La Sinergologia insegna come un gesto non abbia significato se
non viene letto insieme a tutti gli altri e a tutto il corpo. L’elemento
importante, infatti, è la coerenza o l’incoerenza dei diversi gesti visti in una
prospettiva unitaria che dà informazioni sulle emozioni simulate nel momento.

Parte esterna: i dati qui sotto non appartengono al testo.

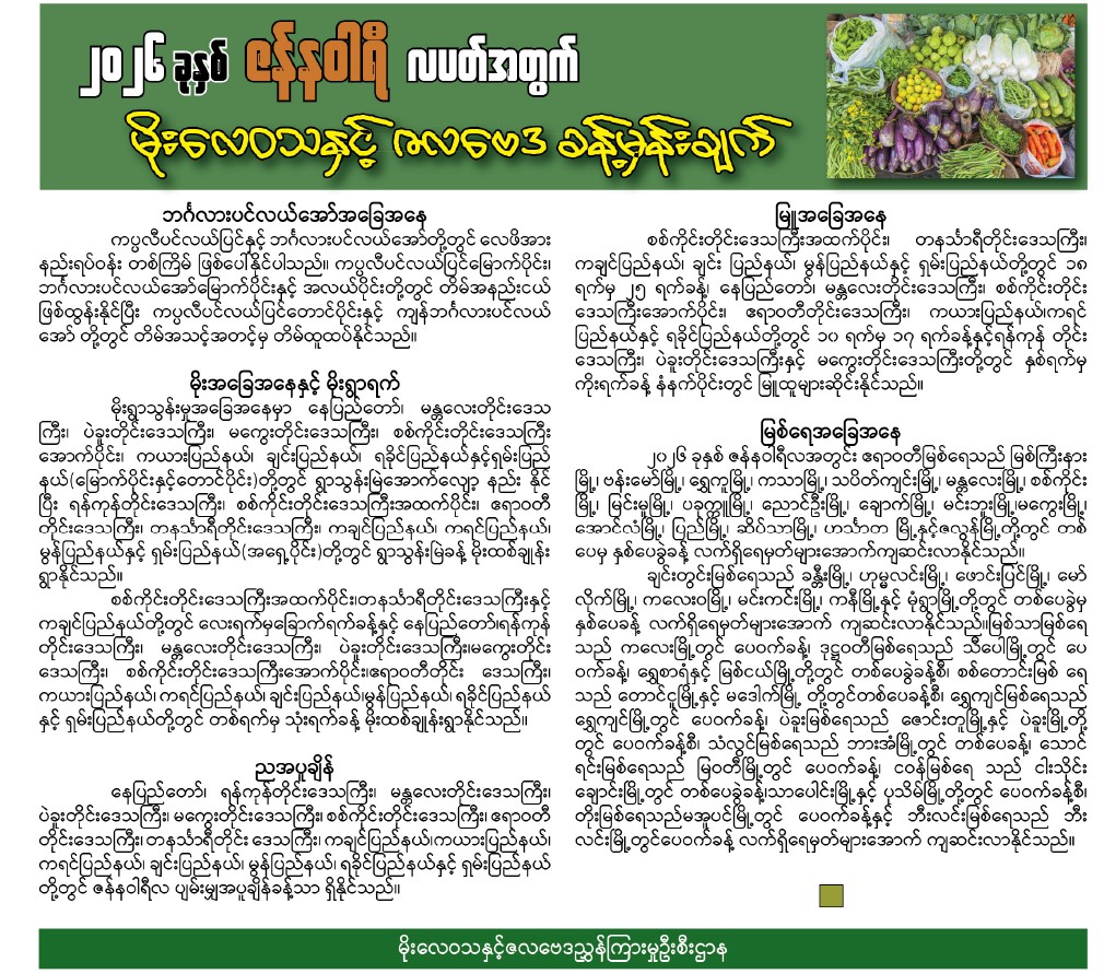 (မန္တလေးပွဲစားကုန်သည် စက်ပိုင်ကထိန်တော်အသင်း၊ ကိုင်းတန်းဈေး၊ သီရိမာလာဈေးတို့မှ ၂၅-၁၂-၂၀၂၅ ရက်နေ့ ကောက်ယူဈေးနှုန်းများဖြစ်ပါသည်။)

L’asimmetria tra le due parti del viso dà indicazioni importanti
in merito alla veridicità dell’espressione mostrata.
Turchet per primo introduce il concetto della logica emisferica nella
comunicazione non verbale; sulla metà destra del viso compaiono i segni
legati al calcolo e al controllo sulla comunicazione, mentre nella parte destra
leggiamo i segni di maggiore spontaneità.
Quando siamo di fronte al nostro interlocutore il prestare attenzione ai segni
che compaiono nell'uno o nell'altro emi-viso ci consentirà di leggere le scelte
emozionali dell'eventuale “apertura” o “messa a distanza”.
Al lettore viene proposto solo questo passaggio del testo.